Work to complete: The records that follow must be repeated exactly, except for their pictures.

*** Opening of Records supplied ***

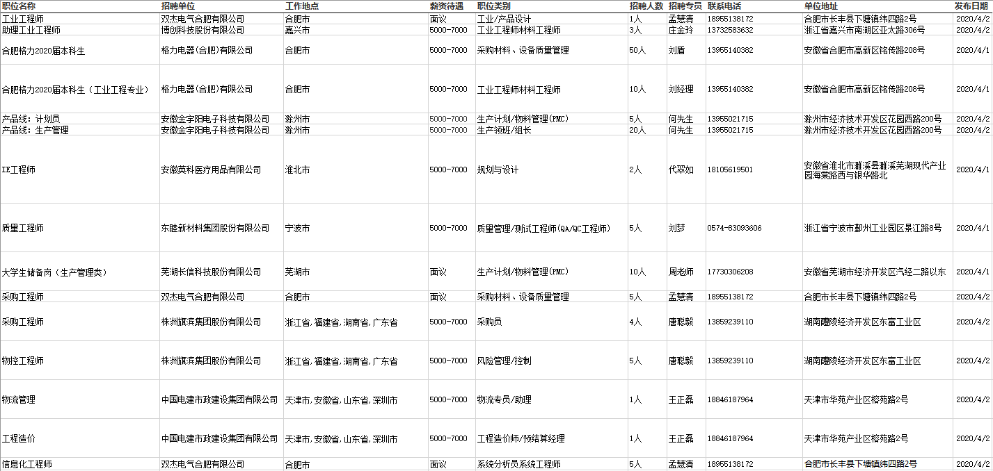 【就业一线】4月3日-4月5日就业信息更新
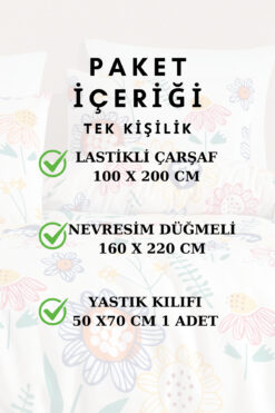 conzaliza Tek Kişilik Nevresim Takımı | Lastikli Çarşaflı| Pamuklu Tam Takım
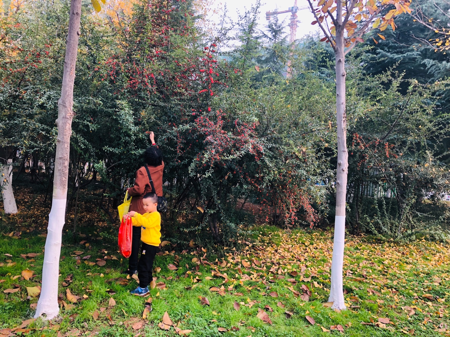 相片描述:开心捡树叶
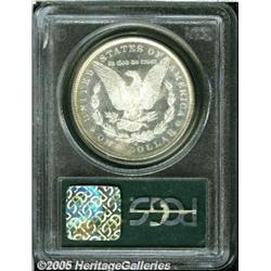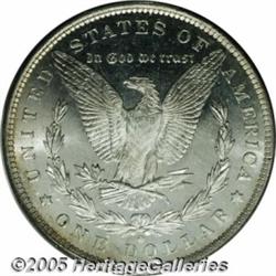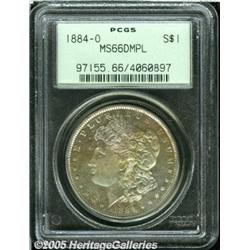 <B>1884-O<img border='0' src='http://www.heritagecoins.com/images/star.gif' width=10 height=10>$1 MS66 Deep Mirror Prooflike PCGS.</B></I> This date is readily available through MS65, with specimens above that level becoming more difficult to obtain. The MS66 we offer here reveals low intensity multicolored toning on the obverse, while the reverse shows just a touch of light color at the margins. The design elements are generally well struck, though the hair over Liberty's ear is a touch soft, and the surfaces are generally well preserved. Population: 47 in 66 DMPL, 1 finer (2/05).
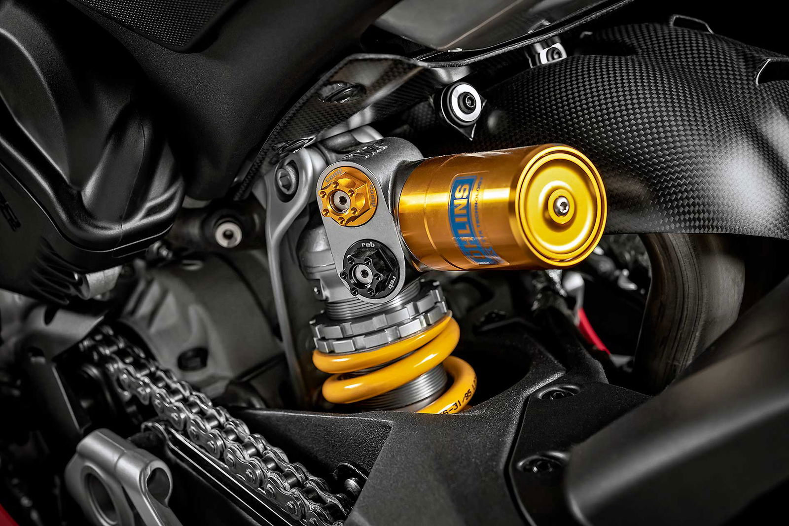Anche la ciclistica è inedita. Se il layout è rimasto invariato con il telaio “front frame” e il motore portante, il telaio ora verniciato nero è stato modificato e alleggerito, il pivot del monobraccio è regolabile su 4 posizioni a step di 2 mm; le sospensioni sono ovviamente meccaniche, con la forcella pressurizzata Ohlins NPX 25-30 e l’onnipresente ammortizzatore TTX36.
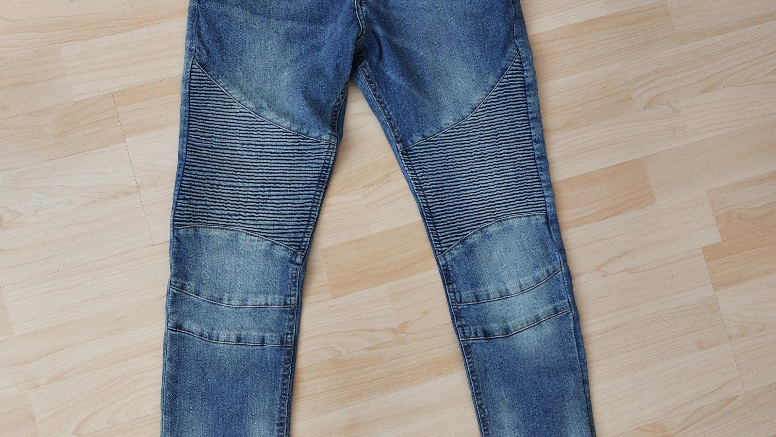 Stav výborný, bez chyby, pás je bez gumičky na regulovanie, ale látka je elastická a natiahne sa, viď rozmery nižšie, príjemne elastické, SKINNY veľkosť. Rázporok je na gombíky. Rozmery: dĺžka 101, 5 cm, vnútorná dĺžka 77, 5 cm, pás v pokoji 36 cm, pri natiahnutí 41 cm, boky 48 cm.

*** Close of Records supplied ***

Written solution:
 【就业一线】4月3日-4月5日就业信息更新
 conzaliza Tek Kişilik Nevresim Takımı | Lastikli Çarşaflı| Pamuklu Tam Takım
 相片描述:开心捡树叶
 <B>1884-O<img border='0' src='http://www.heritagecoins.com/images/star.gif' width=10 height=10>$1 MS66 Deep Mirror Prooflike PCGS.</B></I> This date is readily available through MS65, with specimens above that level becoming more difficult to obtain. The MS66 we offer here reveals low intensity multicolored toning on the obverse, while the reverse shows just a touch of light color at the margins. The design elements are generally well struck, though the hair over Liberty's ear is a touch soft, and the surfaces are generally well preserved. Population: 47 in 66 DMPL, 1 finer (2/05).
Anche la ciclistica è inedita. Se il layout è rimasto invariato con il telaio “front frame” e il motore portante, il telaio ora verniciato nero è stato modificato e alleggerito, il pivot del monobraccio è regolabile su 4 posizioni a step di 2 mm; le sospensioni sono ovviamente meccaniche, con la forcella pressurizzata Ohlins NPX 25-30 e l’onnipresente ammortizzatore TTX36.
 Stav výborný, bez chyby, pás je bez gumičky na regulovanie, ale látka je elastická a natiahne sa, viď rozmery nižšie, príjemne elastické, SKINNY veľkosť. Rázporok je na gombíky. Rozmery: dĺžka 101, 5 cm, vnútorná dĺžka 77, 5 cm, pás v pokoji 36 cm, pri natiahnutí 41 cm, boky 48 cm.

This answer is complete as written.